_Assignment_. Please return the listing below exactly, without any of its pictures.

[Opening Dataset extract section]

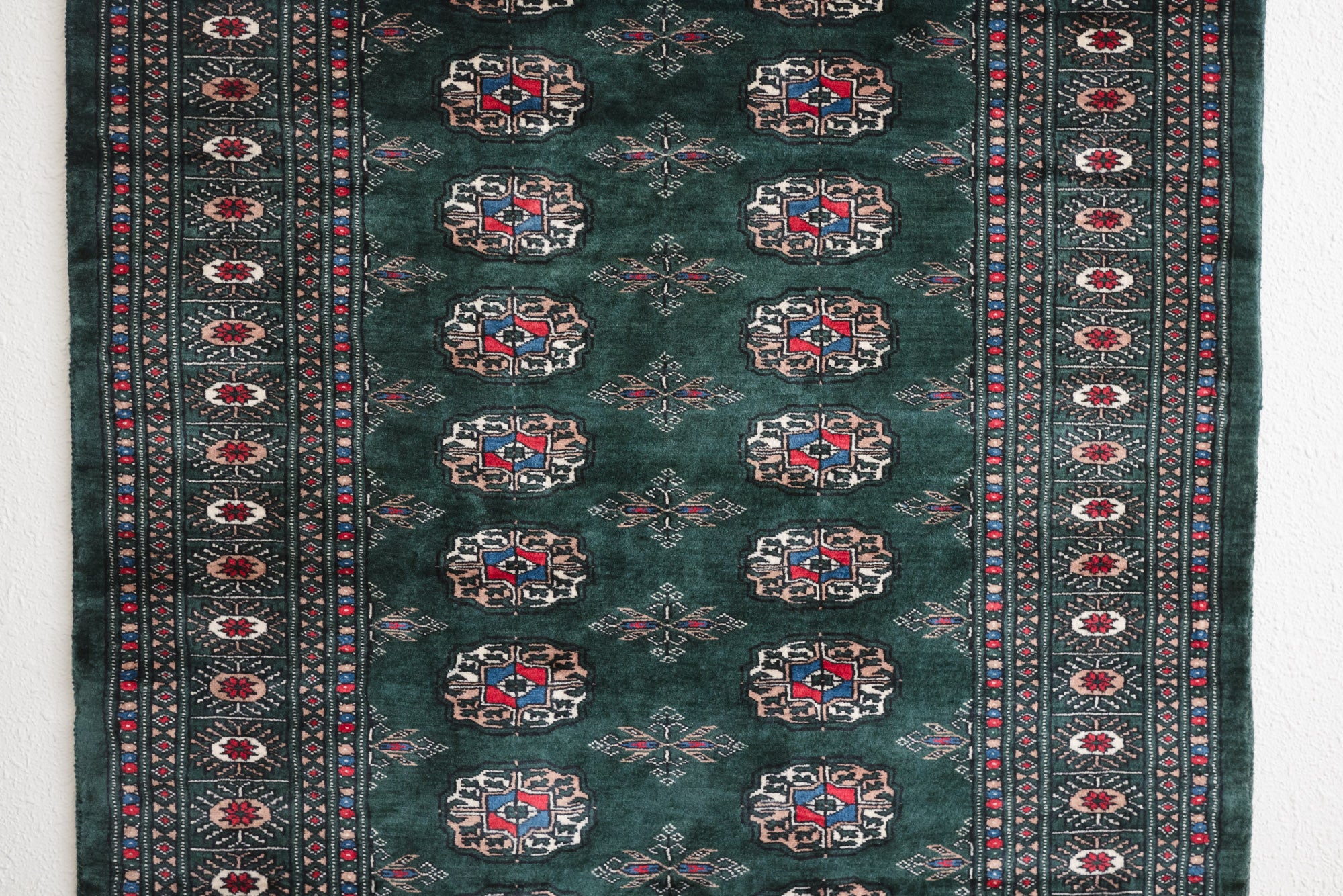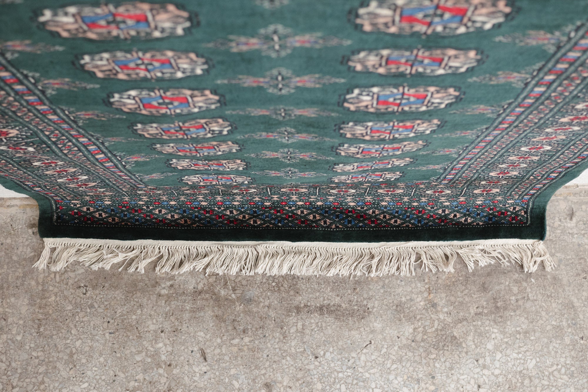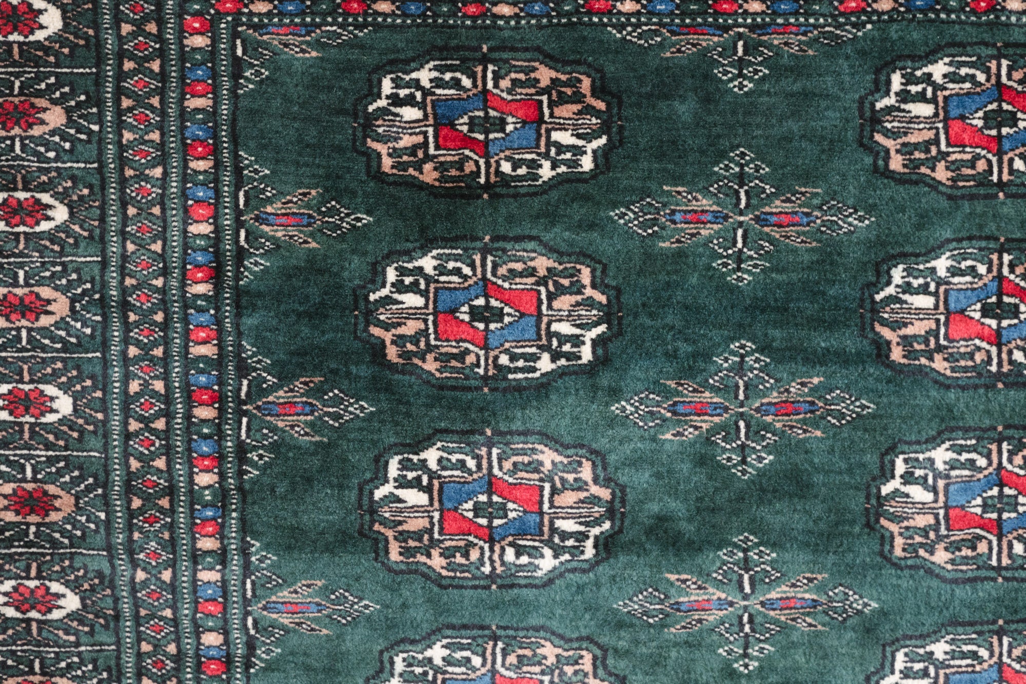 name: Korin style: hand knotted, Pakistani, Peshawar, Bokhara, rug, carpet material: wool colors: red, camel, cream, black, blue, dark green age: new condition: good, age related wear - see pictures
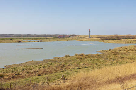 Schiermonnikoog view in the dunes with the lighthouse during sunset at the wadden island during a beautiful spring day. Schiermonnikoog is part of the Frisian Wadden Islands and is known for its beautiful natural scenery, including sandy beaches, rolling dunes, and lush wetlands.
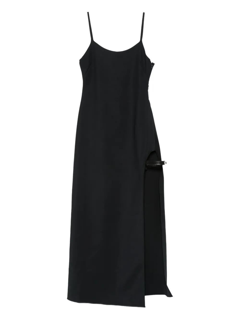 Rochie midi Coperni Side-Split Strap negru, cu barete subtiri pentru umeri, decolteu, inchidere laterala cu fermoar, slit pe un picior decorat cu bareta logo si tiv drept. Potrivita pentru sezonul toamna/iarna. 51% bumbac; 44% poliester; 5% elastan.

[Closing Dataset extract section]

_Completed task_.
 name: Korin style: hand knotted, Pakistani, Peshawar, Bokhara, rug, carpet material: wool colors: red, camel, cream, black, blue, dark green age: new condition: good, age related wear - see pictures
 Schiermonnikoog view in the dunes with the lighthouse during sunset at the wadden island during a beautiful spring day. Schiermonnikoog is part of the Frisian Wadden Islands and is known for its beautiful natural scenery, including sandy beaches, rolling dunes, and lush wetlands.
 Rochie midi Coperni Side-Split Strap negru, cu barete subtiri pentru umeri, decolteu, inchidere laterala cu fermoar, slit pe un picior decorat cu bareta logo si tiv drept. Potrivita pentru sezonul toamna/iarna. 51% bumbac; 44% poliester; 5% elastan.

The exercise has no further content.